◆ Activity ◆
Without including the pictures, copy out every line below.

◆ Data excerpt ◆

= Beginning of Section =

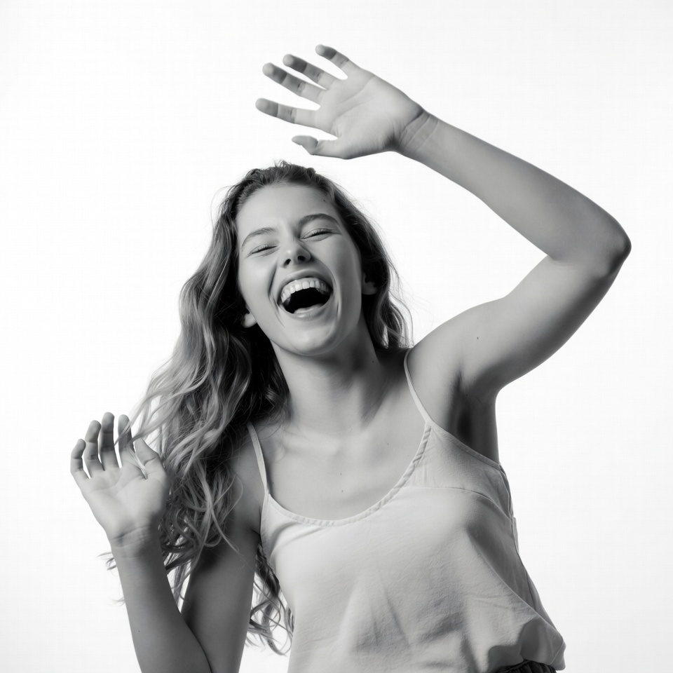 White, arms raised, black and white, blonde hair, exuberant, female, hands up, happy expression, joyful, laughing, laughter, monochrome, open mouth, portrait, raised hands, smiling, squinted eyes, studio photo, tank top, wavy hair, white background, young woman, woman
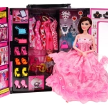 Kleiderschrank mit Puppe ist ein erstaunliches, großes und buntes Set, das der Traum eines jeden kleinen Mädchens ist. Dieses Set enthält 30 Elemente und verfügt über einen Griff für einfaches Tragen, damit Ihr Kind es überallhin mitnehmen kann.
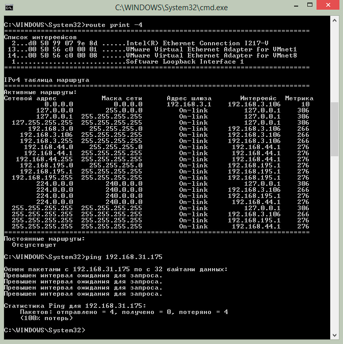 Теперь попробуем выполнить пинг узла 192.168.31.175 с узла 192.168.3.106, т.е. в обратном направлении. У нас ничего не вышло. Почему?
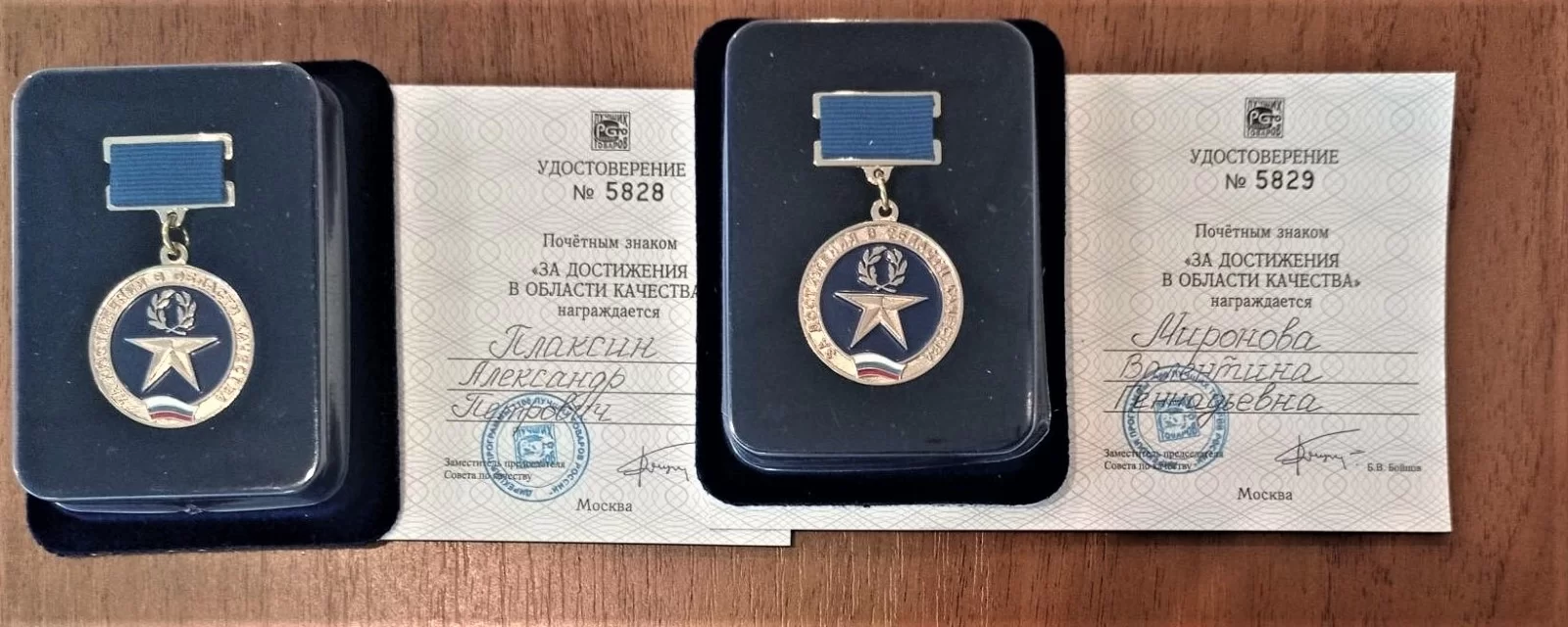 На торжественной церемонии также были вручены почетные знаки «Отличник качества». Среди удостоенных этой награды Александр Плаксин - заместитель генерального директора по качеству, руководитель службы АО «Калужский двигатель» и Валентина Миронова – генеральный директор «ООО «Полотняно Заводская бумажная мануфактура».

= End of Section =

◆ Solution ◆
 White, arms raised, black and white, blonde hair, exuberant, female, hands up, happy expression, joyful, laughing, laughter, monochrome, open mouth, portrait, raised hands, smiling, squinted eyes, studio photo, tank top, wavy hair, white background, young woman, woman
 Kleiderschrank mit Puppe ist ein erstaunliches, großes und buntes Set, das der Traum eines jeden kleinen Mädchens ist. Dieses Set enthält 30 Elemente und verfügt über einen Griff für einfaches Tragen, damit Ihr Kind es überallhin mitnehmen kann.
 Теперь попробуем выполнить пинг узла 192.168.31.175 с узла 192.168.3.106, т.е. в обратном направлении. У нас ничего не вышло. Почему?
 На торжественной церемонии также были вручены почетные знаки «Отличник качества». Среди удостоенных этой награды Александр Плаксин - заместитель генерального директора по качеству, руководитель службы АО «Калужский двигатель» и Валентина Миронова – генеральный директор «ООО «Полотняно Заводская бумажная мануфактура».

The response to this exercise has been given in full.